## Information provided
▬▬▬

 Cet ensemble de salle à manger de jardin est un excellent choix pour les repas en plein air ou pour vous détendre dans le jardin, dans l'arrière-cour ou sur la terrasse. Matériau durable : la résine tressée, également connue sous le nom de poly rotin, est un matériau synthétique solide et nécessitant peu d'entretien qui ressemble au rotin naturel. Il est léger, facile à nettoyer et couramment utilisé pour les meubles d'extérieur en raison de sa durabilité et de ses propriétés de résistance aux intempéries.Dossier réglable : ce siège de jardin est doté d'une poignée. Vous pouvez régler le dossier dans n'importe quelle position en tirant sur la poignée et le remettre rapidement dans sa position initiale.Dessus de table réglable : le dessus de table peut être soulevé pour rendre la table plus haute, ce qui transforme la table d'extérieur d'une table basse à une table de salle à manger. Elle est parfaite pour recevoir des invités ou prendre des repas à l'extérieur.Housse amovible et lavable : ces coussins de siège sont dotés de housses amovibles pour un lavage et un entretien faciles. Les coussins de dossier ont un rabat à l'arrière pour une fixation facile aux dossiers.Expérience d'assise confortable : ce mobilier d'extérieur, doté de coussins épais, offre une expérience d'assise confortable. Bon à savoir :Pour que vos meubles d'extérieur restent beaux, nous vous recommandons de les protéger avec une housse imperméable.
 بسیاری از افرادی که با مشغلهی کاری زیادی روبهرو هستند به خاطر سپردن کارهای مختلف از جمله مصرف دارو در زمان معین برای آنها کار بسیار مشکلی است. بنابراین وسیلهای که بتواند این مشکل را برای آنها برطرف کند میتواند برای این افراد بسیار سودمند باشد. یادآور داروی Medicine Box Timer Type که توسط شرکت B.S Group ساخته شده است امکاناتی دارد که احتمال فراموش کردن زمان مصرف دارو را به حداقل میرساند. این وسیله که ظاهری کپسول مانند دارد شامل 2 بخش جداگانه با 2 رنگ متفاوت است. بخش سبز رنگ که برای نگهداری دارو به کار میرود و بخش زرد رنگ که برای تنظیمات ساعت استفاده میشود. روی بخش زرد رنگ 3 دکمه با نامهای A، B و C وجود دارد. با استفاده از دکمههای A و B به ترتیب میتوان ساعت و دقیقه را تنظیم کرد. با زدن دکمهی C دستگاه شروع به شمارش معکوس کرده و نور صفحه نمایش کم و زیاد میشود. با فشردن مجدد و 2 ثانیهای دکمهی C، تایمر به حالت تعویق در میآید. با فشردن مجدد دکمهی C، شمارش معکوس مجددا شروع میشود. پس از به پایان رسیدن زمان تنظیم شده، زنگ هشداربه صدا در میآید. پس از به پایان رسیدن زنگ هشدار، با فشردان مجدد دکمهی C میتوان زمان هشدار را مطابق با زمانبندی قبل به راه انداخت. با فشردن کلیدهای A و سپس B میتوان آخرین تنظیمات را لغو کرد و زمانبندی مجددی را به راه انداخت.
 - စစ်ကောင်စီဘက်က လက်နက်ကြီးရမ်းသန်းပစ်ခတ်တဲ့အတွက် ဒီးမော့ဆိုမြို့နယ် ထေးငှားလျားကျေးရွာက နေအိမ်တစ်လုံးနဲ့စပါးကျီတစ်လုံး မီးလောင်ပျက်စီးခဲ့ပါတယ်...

▬▬▬

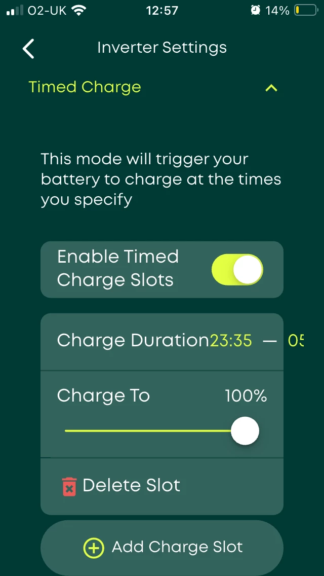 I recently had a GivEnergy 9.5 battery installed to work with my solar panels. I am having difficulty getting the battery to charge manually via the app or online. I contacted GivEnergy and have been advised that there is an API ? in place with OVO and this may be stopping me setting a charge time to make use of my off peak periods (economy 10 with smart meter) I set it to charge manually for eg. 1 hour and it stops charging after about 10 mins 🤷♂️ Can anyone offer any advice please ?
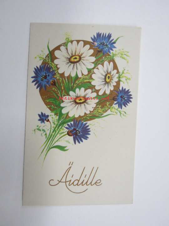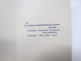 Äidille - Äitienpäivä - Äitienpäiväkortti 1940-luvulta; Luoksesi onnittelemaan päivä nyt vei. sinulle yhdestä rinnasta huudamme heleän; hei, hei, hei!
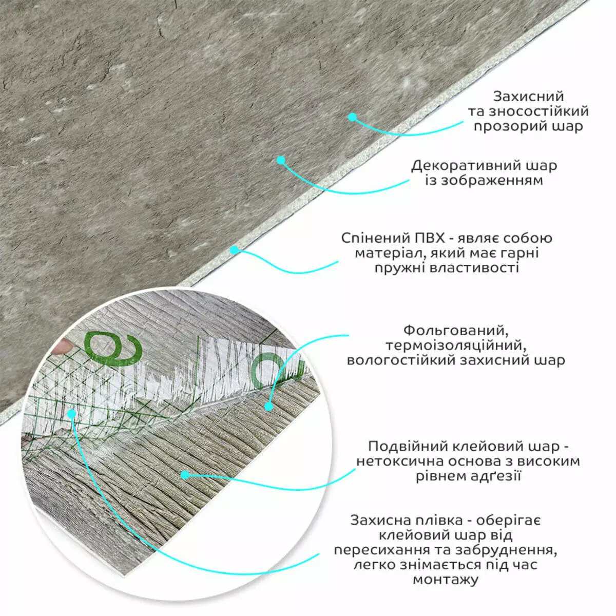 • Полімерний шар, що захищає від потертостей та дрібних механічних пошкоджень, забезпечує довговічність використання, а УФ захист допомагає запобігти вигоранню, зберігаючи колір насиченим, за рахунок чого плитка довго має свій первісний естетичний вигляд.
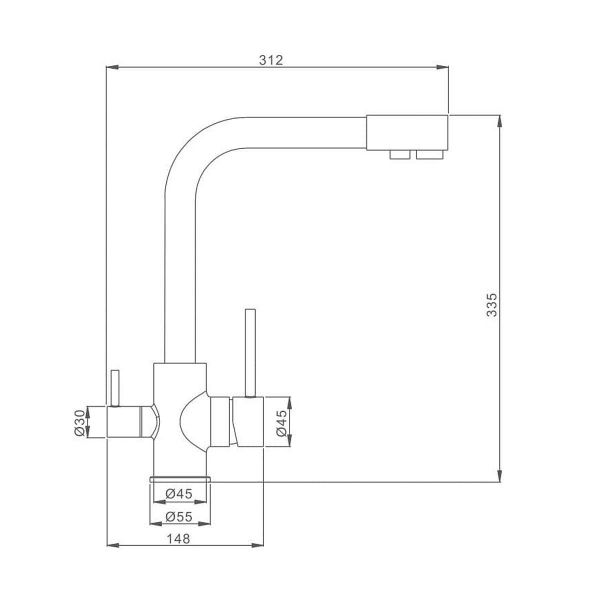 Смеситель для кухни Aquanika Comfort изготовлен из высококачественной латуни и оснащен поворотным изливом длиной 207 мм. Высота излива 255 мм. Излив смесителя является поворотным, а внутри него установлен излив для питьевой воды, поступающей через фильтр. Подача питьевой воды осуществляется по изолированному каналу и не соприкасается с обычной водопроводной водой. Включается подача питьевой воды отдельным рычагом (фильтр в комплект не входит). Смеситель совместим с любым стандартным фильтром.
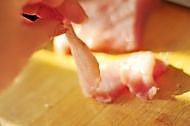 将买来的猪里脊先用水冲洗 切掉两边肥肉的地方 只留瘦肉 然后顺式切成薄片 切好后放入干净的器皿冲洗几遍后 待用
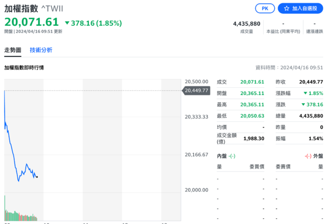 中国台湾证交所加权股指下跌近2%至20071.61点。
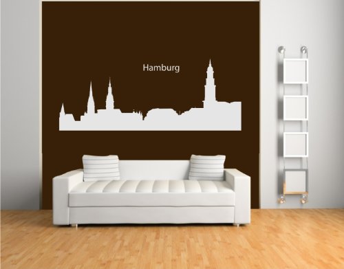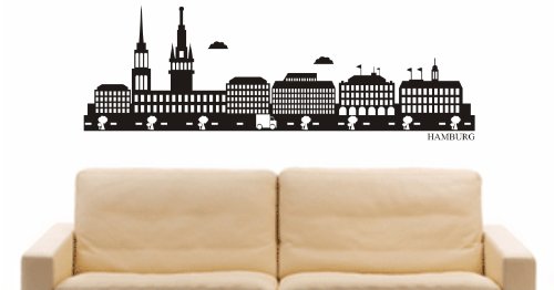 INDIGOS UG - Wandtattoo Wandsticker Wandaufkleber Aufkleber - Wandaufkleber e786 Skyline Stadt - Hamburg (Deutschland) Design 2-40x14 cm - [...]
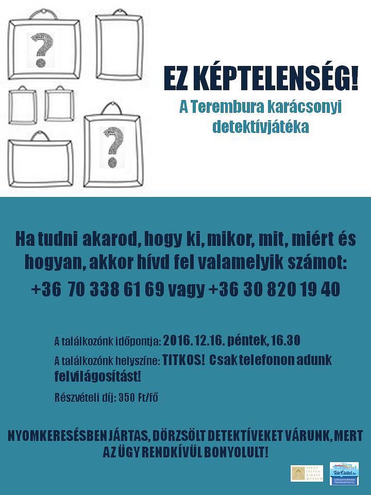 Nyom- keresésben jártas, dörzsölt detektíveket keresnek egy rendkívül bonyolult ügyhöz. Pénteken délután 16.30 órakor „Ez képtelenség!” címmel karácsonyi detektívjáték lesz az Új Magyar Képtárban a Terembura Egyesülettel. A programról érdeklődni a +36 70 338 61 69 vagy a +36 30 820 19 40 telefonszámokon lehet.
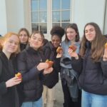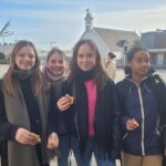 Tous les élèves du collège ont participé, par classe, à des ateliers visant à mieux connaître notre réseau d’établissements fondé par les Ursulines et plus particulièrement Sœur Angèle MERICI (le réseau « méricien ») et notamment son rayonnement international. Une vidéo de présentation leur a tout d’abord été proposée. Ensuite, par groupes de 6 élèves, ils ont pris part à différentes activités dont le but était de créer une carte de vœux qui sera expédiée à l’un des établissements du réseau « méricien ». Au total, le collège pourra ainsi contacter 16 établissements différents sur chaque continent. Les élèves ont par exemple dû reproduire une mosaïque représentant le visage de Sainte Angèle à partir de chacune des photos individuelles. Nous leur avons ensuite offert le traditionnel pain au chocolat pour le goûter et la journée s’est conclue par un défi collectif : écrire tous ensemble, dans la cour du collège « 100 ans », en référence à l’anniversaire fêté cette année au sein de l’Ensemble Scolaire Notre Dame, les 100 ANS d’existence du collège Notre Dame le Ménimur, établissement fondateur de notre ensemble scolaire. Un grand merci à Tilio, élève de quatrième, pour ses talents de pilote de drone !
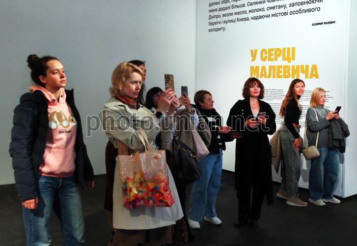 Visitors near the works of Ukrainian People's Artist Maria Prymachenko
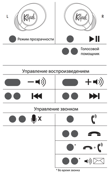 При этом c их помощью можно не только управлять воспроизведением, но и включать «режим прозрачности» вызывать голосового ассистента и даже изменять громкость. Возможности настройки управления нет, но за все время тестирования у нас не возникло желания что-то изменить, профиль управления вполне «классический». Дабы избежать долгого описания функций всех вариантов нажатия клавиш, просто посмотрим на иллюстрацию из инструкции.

▬▬▬

Could you transcribe exactly the entries above, but only the lines from the one with "Tous les élèves" through the one with "Visitors near the", and without pictures?

## Response area
 Tous les élèves du collège ont participé, par classe, à des ateliers visant à mieux connaître notre réseau d’établissements fondé par les Ursulines et plus particulièrement Sœur Angèle MERICI (le réseau « méricien ») et notamment son rayonnement international. Une vidéo de présentation leur a tout d’abord été proposée. Ensuite, par groupes de 6 élèves, ils ont pris part à différentes activités dont le but était de créer une carte de vœux qui sera expédiée à l’un des établissements du réseau « méricien ». Au total, le collège pourra ainsi contacter 16 établissements différents sur chaque continent. Les élèves ont par exemple dû reproduire une mosaïque représentant le visage de Sainte Angèle à partir de chacune des photos individuelles. Nous leur avons ensuite offert le traditionnel pain au chocolat pour le goûter et la journée s’est conclue par un défi collectif : écrire tous ensemble, dans la cour du collège « 100 ans », en référence à l’anniversaire fêté cette année au sein de l’Ensemble Scolaire Notre Dame, les 100 ANS d’existence du collège Notre Dame le Ménimur, établissement fondateur de notre ensemble scolaire. Un grand merci à Tilio, élève de quatrième, pour ses talents de pilote de drone !
 Visitors near the works of Ukrainian People's Artist Maria Prymachenko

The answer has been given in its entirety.